● **WORK TO BE COMPLETED**: Lower down are entries containing pictures. Copy exactly, without those pictures, the lines from the line with "昆明臻美医疗美容医院有限公司" through the line with "盈利能力方面, 2026年一".

● **TASK INPUTS**:
● ● ●

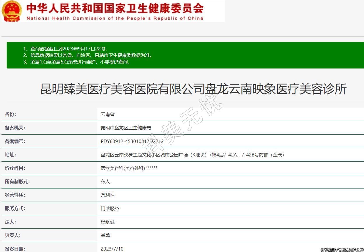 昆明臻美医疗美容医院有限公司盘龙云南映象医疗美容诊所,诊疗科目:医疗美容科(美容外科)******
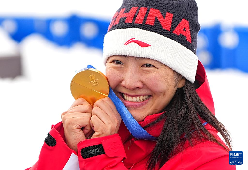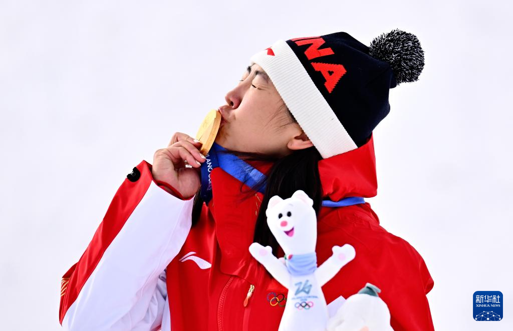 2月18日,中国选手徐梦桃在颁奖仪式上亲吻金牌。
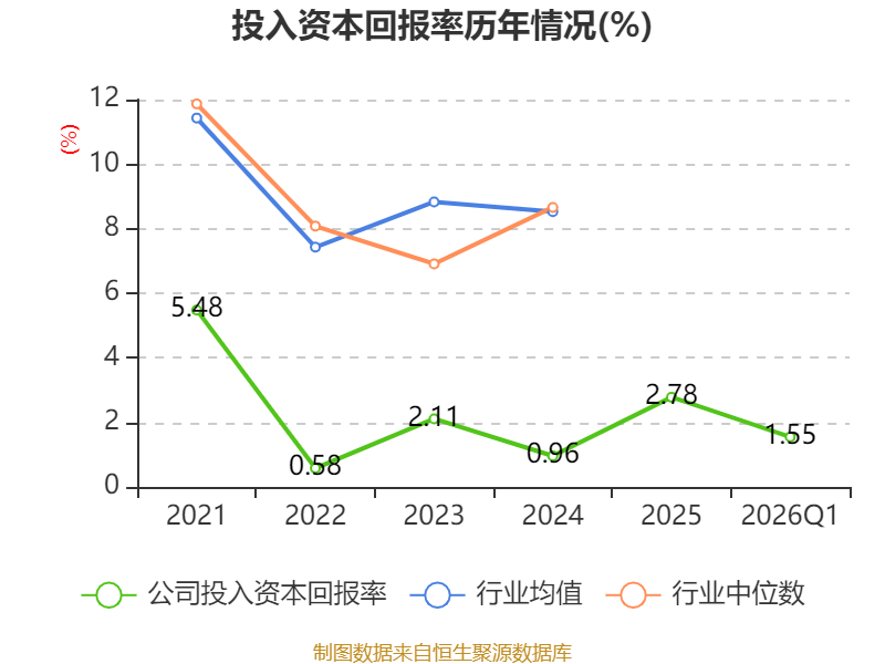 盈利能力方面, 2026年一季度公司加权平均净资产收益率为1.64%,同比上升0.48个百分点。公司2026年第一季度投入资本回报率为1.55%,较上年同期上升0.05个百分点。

● ● ●

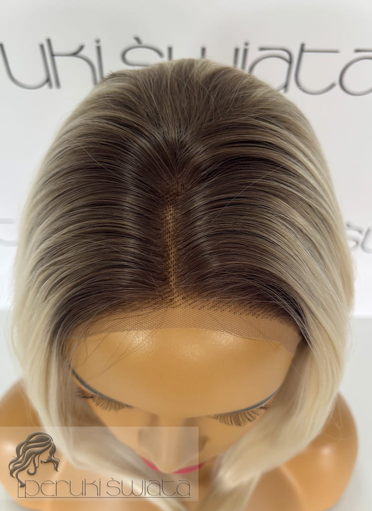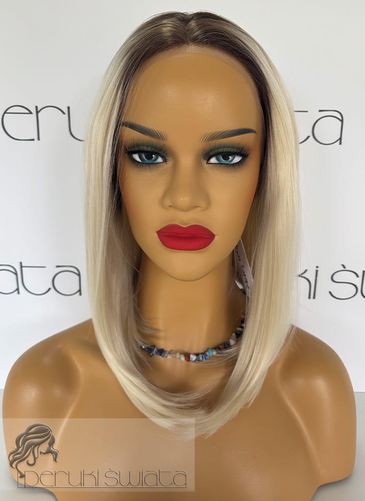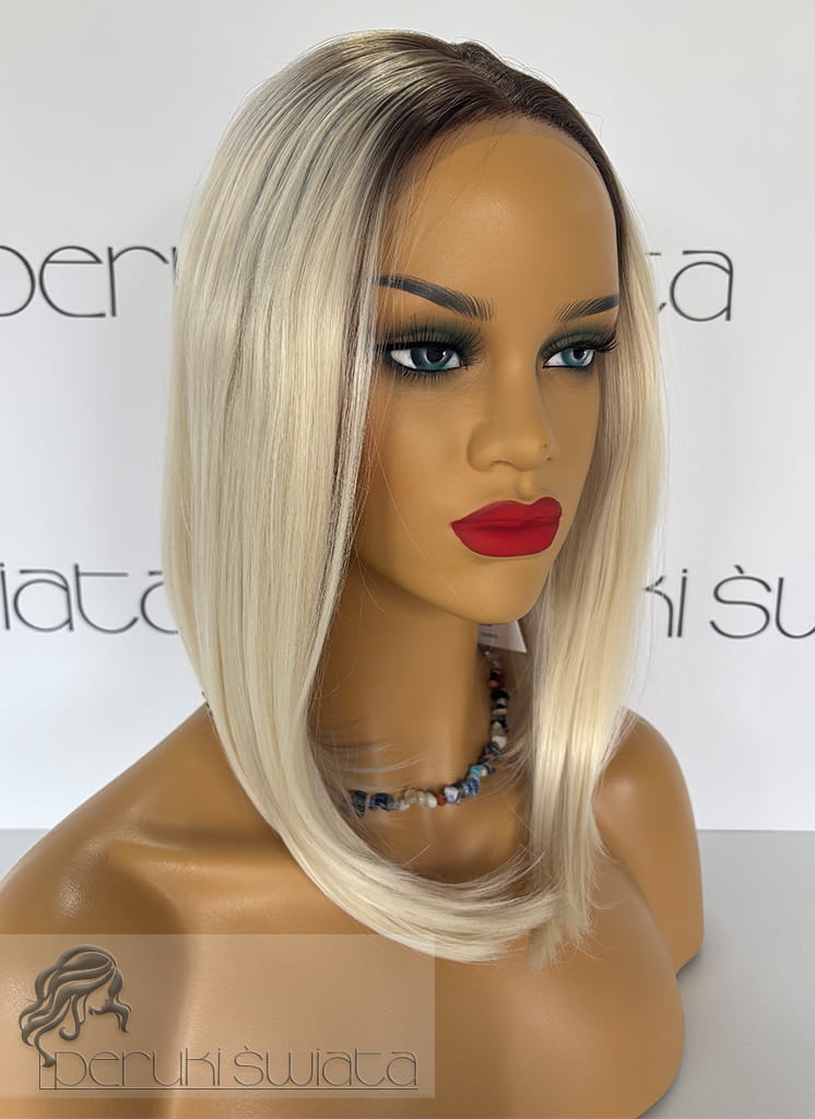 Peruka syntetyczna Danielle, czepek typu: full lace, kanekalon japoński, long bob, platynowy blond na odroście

● ● ●

● **TASK SOLUTION**:
 昆明臻美医疗美容医院有限公司盘龙云南映象医疗美容诊所,诊疗科目:医疗美容科(美容外科)******
 2月18日,中国选手徐梦桃在颁奖仪式上亲吻金牌。
 盈利能力方面, 2026年一季度公司加权平均净资产收益率为1.64%,同比上升0.48个百分点。公司2026年第一季度投入资本回报率为1.55%,较上年同期上升0.05个百分点。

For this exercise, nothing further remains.